Problem:
As the answer, give exactly the lines of the records below from the one with "摘要:,,预计至2024年1" through the one with "赤のシャカシャカロンTにビス", ends included and pictures left out.

Source records:
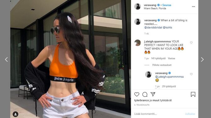 Lue myös: 70-vuotiaan Vera Wangin kuva sai somen sekaisin: ’Haluan sinun vatsalihaksesi!’
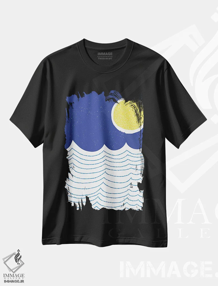 تیشرت مشکی طرح دار سانتورینی، تزئینی اثر جن بوچلی | فروشگاه ایماژ
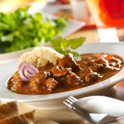 Месото се нарязва на парченца и се задушава заедно с лука. След като омекне лука се прибавят доматите, брашното, червения пипер, дафиновият лист, бахара, черния пипер, чубрицата и сол на вкус.
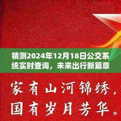 摘要:,,预计至2024年12月18日,公交系统将迎来实时查询的新时代。未来出行将展现全新篇章,公交系统实时查询的革新将带来前所未有的体验。届时,乘客能够实时掌握公交车到站时间、线路调整等信息,极大提升出行效率和便捷性。公交系统的革新将重塑城市公共交通的未来,为乘客创造更加智能、高效的出行体验。
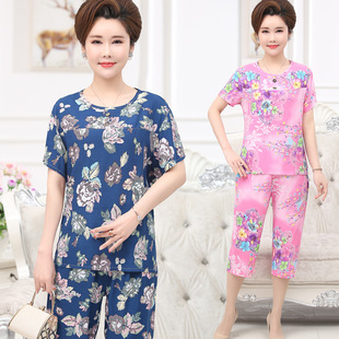 大码 棉绸衣服中老年人造棉奶奶装 绵绸家居服 套装 女睡衣夏妈妈短袖
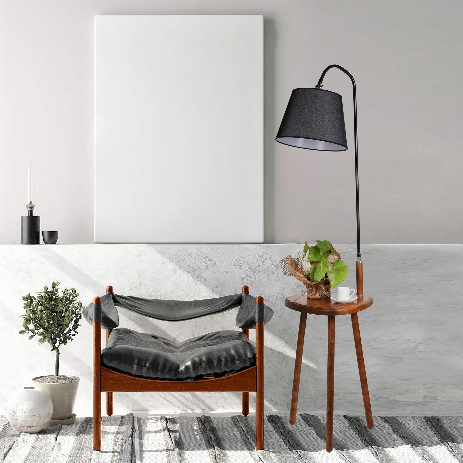 Crie um cantinho aconchegante para leitura ou adicione um brilho acolhedor à sua sala de estar com este versátil abajur de chão. A cúpula de tecido proporciona uma luz suave e difusa, perfeita para criar uma atmosfera relaxante após um longo dia. A mesa de madeira adiciona um elemento funcional, permitindo que você exiba sua decoração favorita ou mantenha itens essenciais ao alcance.
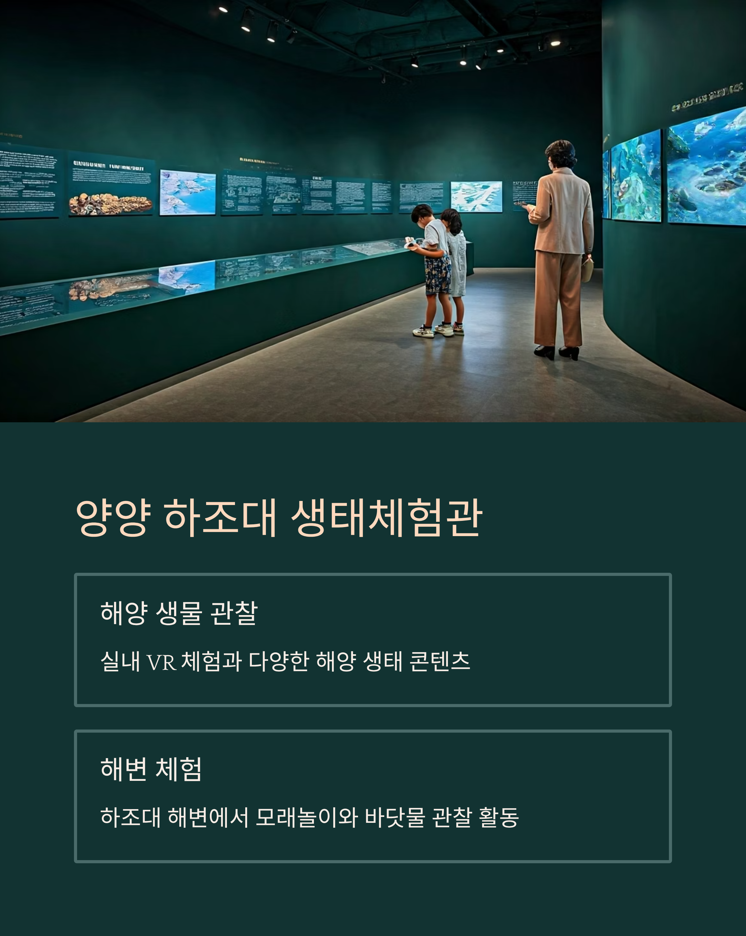 체험관 내부에서는 해양 생물 관찰, 실내 VR 체험 등 다양한 콘텐츠가 마련되어 있고,
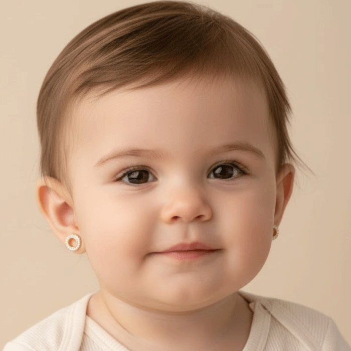 Estos delicados aretes ortopédicos para bebé bañados en oro ofrecen un diseño clásico y encantador en forma de mini aro circular, adornado con microcircones que aportan un brillo suave y elegante. Su estilo minimalista es perfecto para resaltar la ternura natural de las más pequeñas sin perder el toque moderno que toda mamá ama.
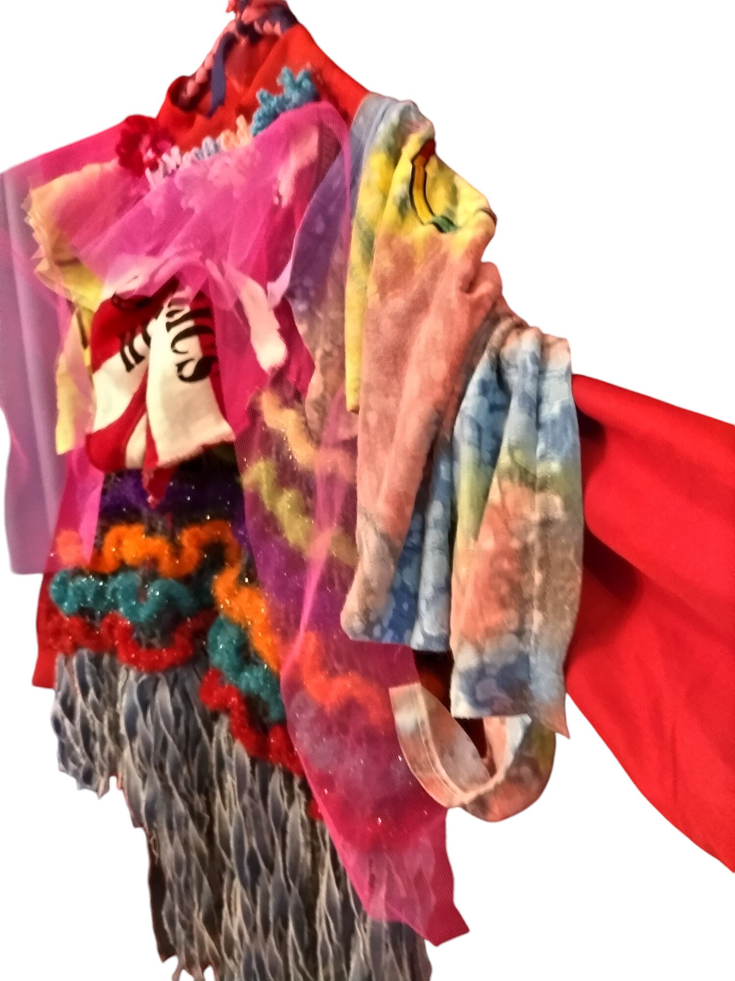 赤のシャカシャカロンTにビスチェを作ろうとしてた手編み毛糸にカラフルな布やチュールを付けました
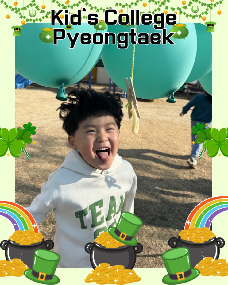 Saint Patrick’s Day 영어를 교실 밖에서 경험하는 시간 영어는 책상 위에서만 배우는 것이 아닙니다. Kid’s College Pyeongtaek 초등부에서는 아이들이 직접 움직이고 경험하며 영어를 자연스럽게 사용할 수 있도록 다양한 체험형 영어 활동을 진행하고 있습니다. 이번에는 Saint Patrick’s Day를 맞아 아이들과 함께 야외에서 특별한 영어 활동을 진행했습니다. ☘️ 아이들은 초록색 옷과 소품을 착용하고 Saint Patrick’s Day의 의미와 상징인 네잎클로버와 행운에 대해 이야기해 보았습니다. 이후 Playground에서 다양한 게임과 미션 활동이 이어졌습니다. 풍선 아래 매달린 과자를 먹어보는 게임, 친구들과 협력하며 해결하는 팀....... <img src="https://blogthumb.pstatic.net/MjAyNjAzMTdfMjYy/MDAxNzczNzA1MzQxMzIy.qE7Bd1XEn2imPCE9jqZzrl_IaDldxYxxDuFwIoG9WnQg.0eo-2SWWw-2aNADbS0VIU1XDNKPssECM9JJ_dwcP2PQg.PNG/Green_and_Yellow_Modern_St._Patrick%A3%A7s_Day_Instagram_Post_%A3%A8%C0%CE%BD%BA%C5%B8%B1%D7%B7%A5_%B0%D4%BD%C3%B9%B0%A3%A845%A3%A9%A3%A9.png?type=s3" />
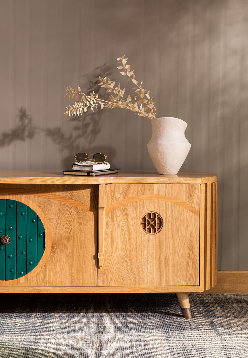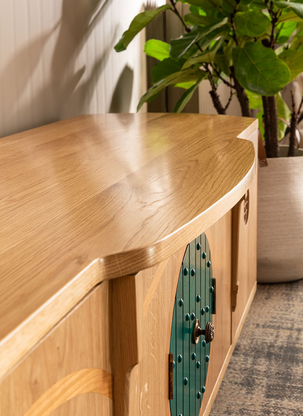 Otro hermoso objeto producido por Fanstatic Home, el soporte Bilbo TV se refiere directamente al hábitat redondo y alegre de los Hobbits. Con su puerta central en un hermoso verde azulado, sus detalles cincelados, sus numerosos espacios de almacenamiento (incluido un escondite secreto), sus ingeniosos conductos de cables y su espÃritu escandinavo rubio y acogedor, debe encajar perfectamente en hermosos y cálidos interiores. Fabricado en roble francés macizo y cerezo, también se produce en 100 ejemplares a un precio orientativo de 6.490 €
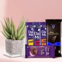 Indulge in a gift that combines nature's touch with deliciousness! The Chocolate-Laden Aloe Bliss package includes a thriving Aloe Vera plant nestled in an elegant glass pot, bringing a fresh accent to any indoor space. Accompanied by an exquisite selection of Cadbury chocolates, from the crunchy Roast Almond to the velvety Bournville, this offering is perfect for housewarmings, birthdays, or any occasion that calls for a little sweetness. Let this beautiful combination convey your heartfelt emotions to those you cherish.
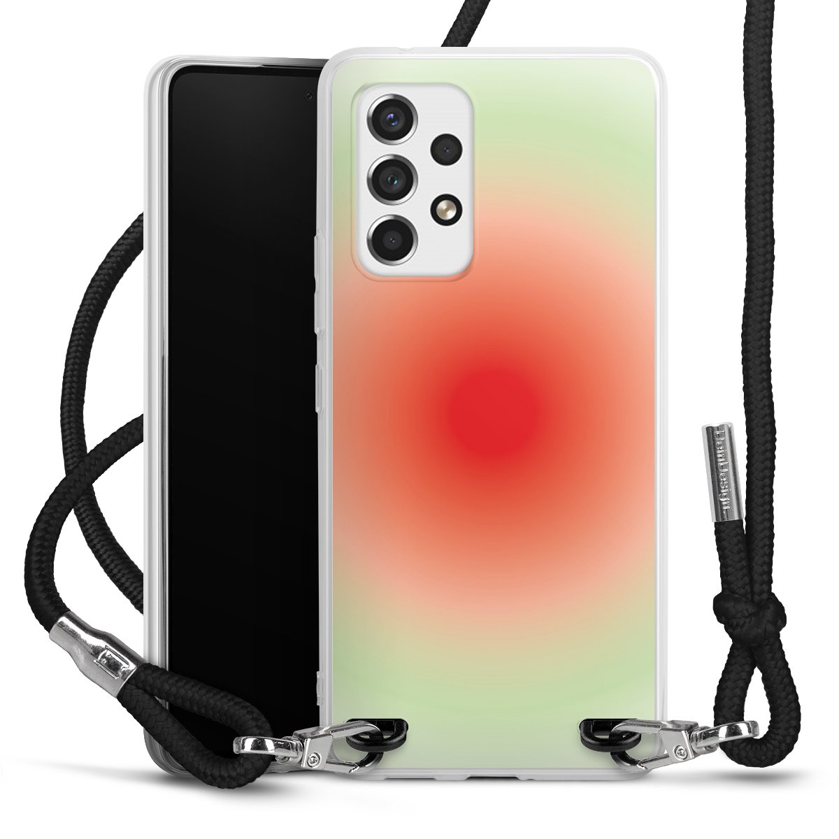 Bei dieser Handyhülle nutzen wir das solide Direktdruck-Verfahren, weshalb der Druckbereich ausschließlich die Rückseite umfasst und der Rand hingegen unbedruckt bleibt. Das Case zum Umhängen kann sowohl unbedruckt, als auch vollflächig oder partiell bedruckt bestellt werden. Wähle für Dein Design entweder eines unserer exklusiven Shop-Motive, oder werde kreativ und gestalte Dein Wunschdesign zum Beispiel mit Fotos und Overlays selbst. Designe Dir Dein persönliches Trend-Accessoire und setze ein individuelles Statement auf den Straßen!

Solution:
 摘要:,,预计至2024年12月18日,公交系统将迎来实时查询的新时代。未来出行将展现全新篇章,公交系统实时查询的革新将带来前所未有的体验。届时,乘客能够实时掌握公交车到站时间、线路调整等信息,极大提升出行效率和便捷性。公交系统的革新将重塑城市公共交通的未来,为乘客创造更加智能、高效的出行体验。
 大码 棉绸衣服中老年人造棉奶奶装 绵绸家居服 套装 女睡衣夏妈妈短袖
 Crie um cantinho aconchegante para leitura ou adicione um brilho acolhedor à sua sala de estar com este versátil abajur de chão. A cúpula de tecido proporciona uma luz suave e difusa, perfeita para criar uma atmosfera relaxante após um longo dia. A mesa de madeira adiciona um elemento funcional, permitindo que você exiba sua decoração favorita ou mantenha itens essenciais ao alcance.
 체험관 내부에서는 해양 생물 관찰, 실내 VR 체험 등 다양한 콘텐츠가 마련되어 있고,
 Estos delicados aretes ortopédicos para bebé bañados en oro ofrecen un diseño clásico y encantador en forma de mini aro circular, adornado con microcircones que aportan un brillo suave y elegante. Su estilo minimalista es perfecto para resaltar la ternura natural de las más pequeñas sin perder el toque moderno que toda mamá ama.
 赤のシャカシャカロンTにビスチェを作ろうとしてた手編み毛糸にカラフルな布やチュールを付けました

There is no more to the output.